=== PROBLEM DESCRIPTION ===
Where a picture appears, leave it out, and print the rest of the records as they are.

=== STUDY MATERIAL ===
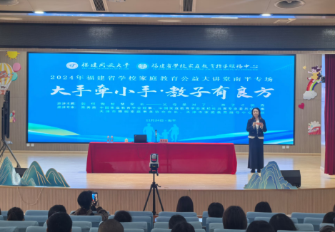 11月24日上午,由南平市教育局指导,福建开放大学、福建省学校家庭教育指导服务中心主办,南平开放大学、南平市学校家庭教育指导服务中心承办,南平实验小学协办的2024年福建省学校家庭教育公益大讲堂(南平专场)活动在南平举行。此次活动采用“线上+线下”的同步分享模式,来自南平实验小学(武夷校区)的200多名教师、家长参加现场活动,南平市9万多人观看了线上直播,此次活动旨在提升家长的教育能力、促进家校共育合作,为广大家长提供科学的家庭教育理念和方法,共同促进孩子的全面发展,推动形成全社会重视家庭教育的良好风尚。
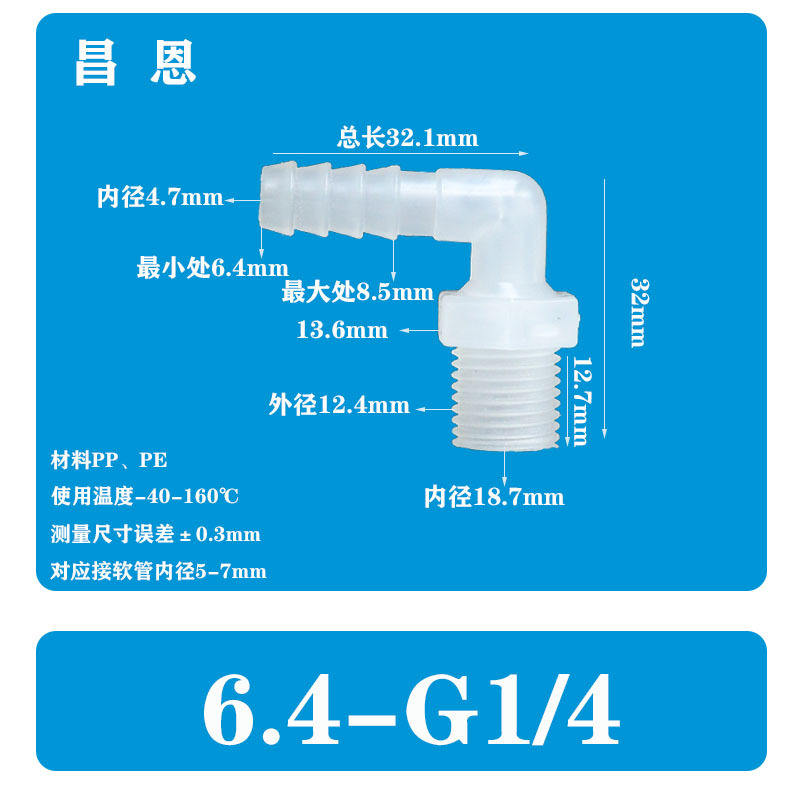 Codo de 5/32 pulgadas con rosca macho 3.9-G1/8Especificaciones del Producto
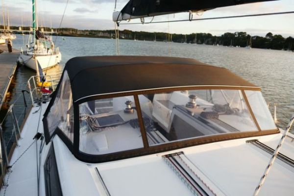 Cette capote sera réalisée sur-mesure suivant les desiderata du plaisancier. Elle a été testé pendant 2 saison sur le voilier de Jean-Yves Chevalier, fondateur de NVequipment. désormais au point, elle sera commercialisée la saison prochaine. Nous avons pu la décvouvrir en avant-première sur le stand du fabricant au Grand Pavois.
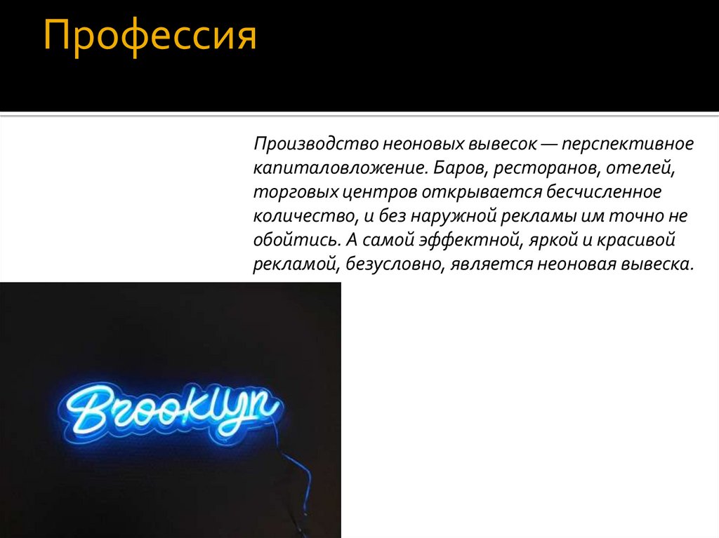 ПрофессияПроизводство неоновых вывесок — перспективное
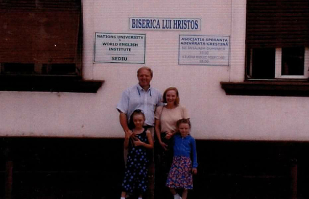 My family and I standing in front of the church my dad pastored. I’m the little girl on the left. Photo courtesy of Brianna Langley
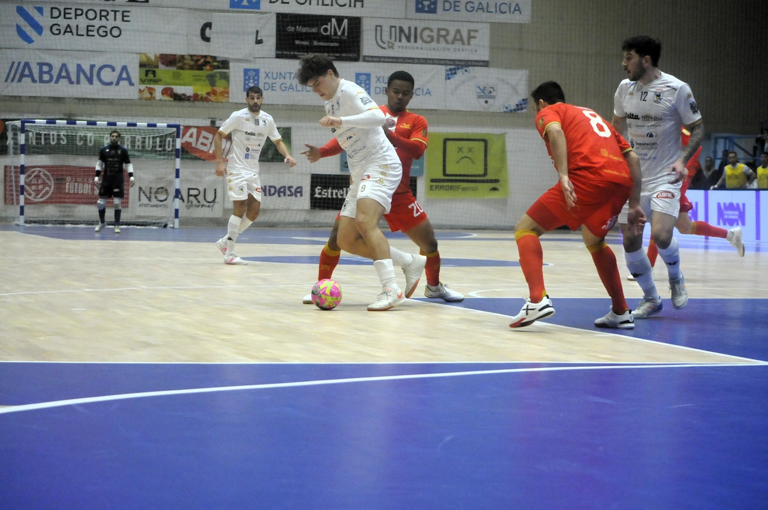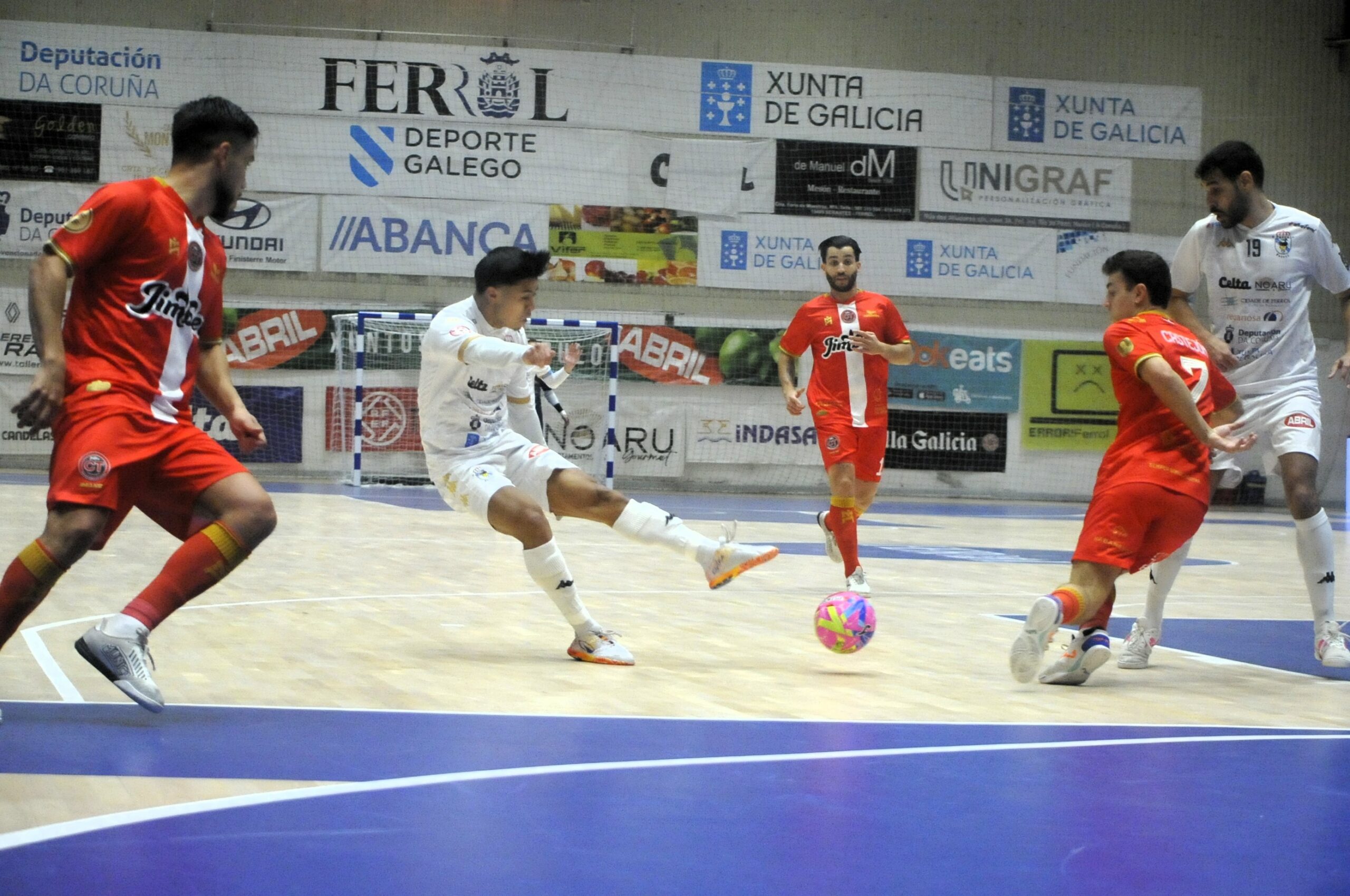 Los ferrolanos luchaban por todos los balones, cada vez llegando con más peligro a la portería defendida por Chemi, al mismo tiempo que el Jimbee Cartagena Costa Cálida se iba cargando de faltas, pero eran estos los que conseguían adelantarse con un gol de Pablo Ramírez al segundo palo tras un contragolpe

=== EXERCISE RESPONSE ===
 11月24日上午,由南平市教育局指导,福建开放大学、福建省学校家庭教育指导服务中心主办,南平开放大学、南平市学校家庭教育指导服务中心承办,南平实验小学协办的2024年福建省学校家庭教育公益大讲堂(南平专场)活动在南平举行。此次活动采用“线上+线下”的同步分享模式,来自南平实验小学(武夷校区)的200多名教师、家长参加现场活动,南平市9万多人观看了线上直播,此次活动旨在提升家长的教育能力、促进家校共育合作,为广大家长提供科学的家庭教育理念和方法,共同促进孩子的全面发展,推动形成全社会重视家庭教育的良好风尚。
 Codo de 5/32 pulgadas con rosca macho 3.9-G1/8Especificaciones del Producto
 Cette capote sera réalisée sur-mesure suivant les desiderata du plaisancier. Elle a été testé pendant 2 saison sur le voilier de Jean-Yves Chevalier, fondateur de NVequipment. désormais au point, elle sera commercialisée la saison prochaine. Nous avons pu la décvouvrir en avant-première sur le stand du fabricant au Grand Pavois.
 ПрофессияПроизводство неоновых вывесок — перспективное
 My family and I standing in front of the church my dad pastored. I’m the little girl on the left. Photo courtesy of Brianna Langley
 Los ferrolanos luchaban por todos los balones, cada vez llegando con más peligro a la portería defendida por Chemi, al mismo tiempo que el Jimbee Cartagena Costa Cálida se iba cargando de faltas, pero eran estos los que conseguían adelantarse con un gol de Pablo Ramírez al segundo palo tras un contragolpe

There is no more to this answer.